Phenotyping CLAD after Single Lung Transplant: Limits and Prognostic Assessment of the 2019 ISHLT Classification System

Purpose Phenotyping chronic lung allograft dysfunction (CLAD) in single lung transplant (SLTX) recipients is challenging, due to the native lung contribution to pulmonary function tests (PFT). We aimed to assess the ISHLT CLAD classification and its prognostic performance in SLTX. Methods In this retrospective cohort of adult, first, SLTX from 2009 to 2017, patients with persistent drop in FEV1>20% were assessed by 2 independent reviewers to determine CLAD status and phenotype, specifically noting presence or absence of RAS-like opacities. Disagreements were resolved by a 3rd reviewer. Interobserver agreement (IOA) was calculated by Cohen's Kappa. Association of CLAD phenotypes with time to death/retransplant (ReTx), adjusted for age, sex, CMV mismatch and native lung condition, were assessed with Cox models. Results Out of 172 SLTX patients, 92 had a persistent drop in FEV1>20%, of whom 67 got a diagnosis of CLAD. We noted a moderate IOA for CLAD status (Kappa 0.69) and poor IOA for phenotype (Kappa 0.5). When applying the ISHLT criteria strictly (based on exact cut-offs for PFT, along with imaging), 34 patients had BOS (50.7%), 9 RAS/mixed (13.4%), 7 undefined (10.4%), and 17 unclassified (25.5%).
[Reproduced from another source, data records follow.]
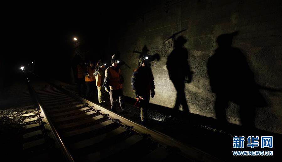 1月9日,在加格達奇工務(wù)段西羅奇嶺二號隧道,西羅奇維修工隊工作人員進行隧道除冰作業(yè)后準備返回工隊住所。新華社記者王毓國攝
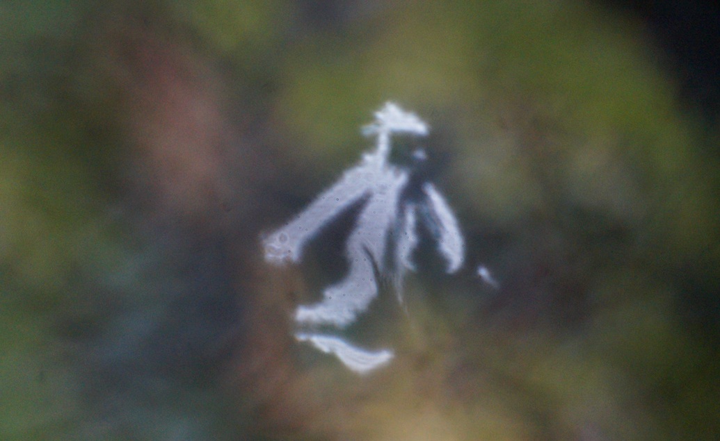 It’s a perfect drizzly Pacific Northwest day for Bigfoot to be out getting a shower au naturel, so I thought it would be fun to capture some Bigfoot in my world. I did my best to cut his furry-bigfootedness in a paper filter then took pictures of the security light across the street through the leaves.
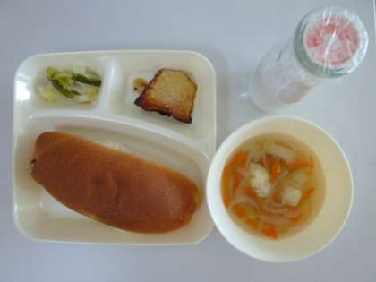 今日の献立は、かつおのガーリックマヨネーズ焼き、スープ、キャベツと三度豆のサラダ、レーズンパン、牛乳でした。
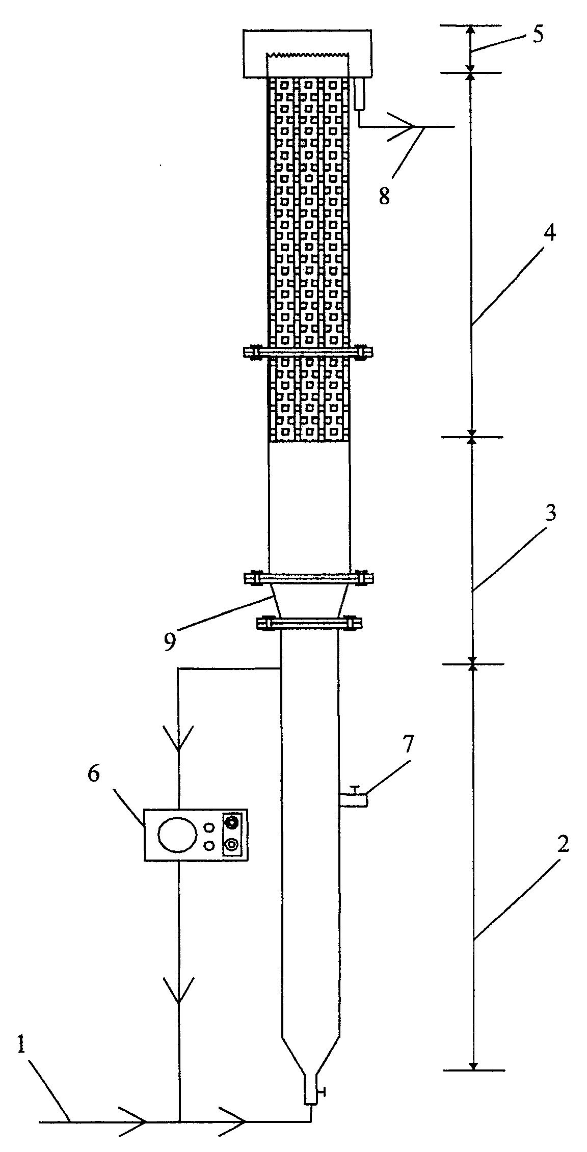 一种升流式复合厌氧水解酸化处理装置及其方法,属于污水处理技术领域,解决了现有工艺水解酸化效率低、易堵塞、构造复杂的问题。其装置底部设有进水管(1),顶部设有集水装置(5),集水装置(5)连接出水管(8),特征在于还包括:自下至上依次为悬浮污泥区(2)、泥水分离区(3)、生物膜强化区(4);悬浮污泥区(2)设有循环泵(6),循环泵(6)分别与悬浮污泥区(2)和进水管(1)连接,形成一个循环回路;悬浮污泥区(2)设有排泥口(7),泥水分离区(3)与悬浮污泥区(2)通过变径接头(9)连接,生物膜强化区(4)填充生物载体。本发明装置及方法简单,水解酸化效率高,可用于生活污水及可生化性较好的工业污水的处理。
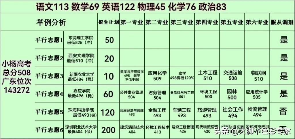 小杨同学高考成绩508分,广东全省排位143272名。成绩比较尴尬,但小杨同学还是期望考上本科院校,最大愿望入读公办本科,既可为父母省钱又可实现自己理想。

We found no association of these strict phenotypes with death/ReTx (Fig A). When using adjudicated CLAD phenotypes, 31 patients had BOS (46.3%), 15 RAS/mixed (22.4%), 2 Undefined (3%), and 19 Unclassified (28.3%). Using these adjudicated phenotypes, RAS/mixed was significantly associated with higher risk of death/ReTx (HR 2.98, 95%CI [1.39-6.4]) (Fig B). Finally, the specific adjudication of RAS-like opacities had the best IOA (Kappa 0.73). Presence of RAS-like opacities was a strong predictor of death/ReTx (HR 2.3, 95%CI [1.2-4.5]) (Fig C). Conclusion PFT interpretation is challenging in SLTX. Using a classification relying more on imaging analysis that harboured good IOA, we obtained better prognostic performances than with a strict application of published physiologic cut-offs.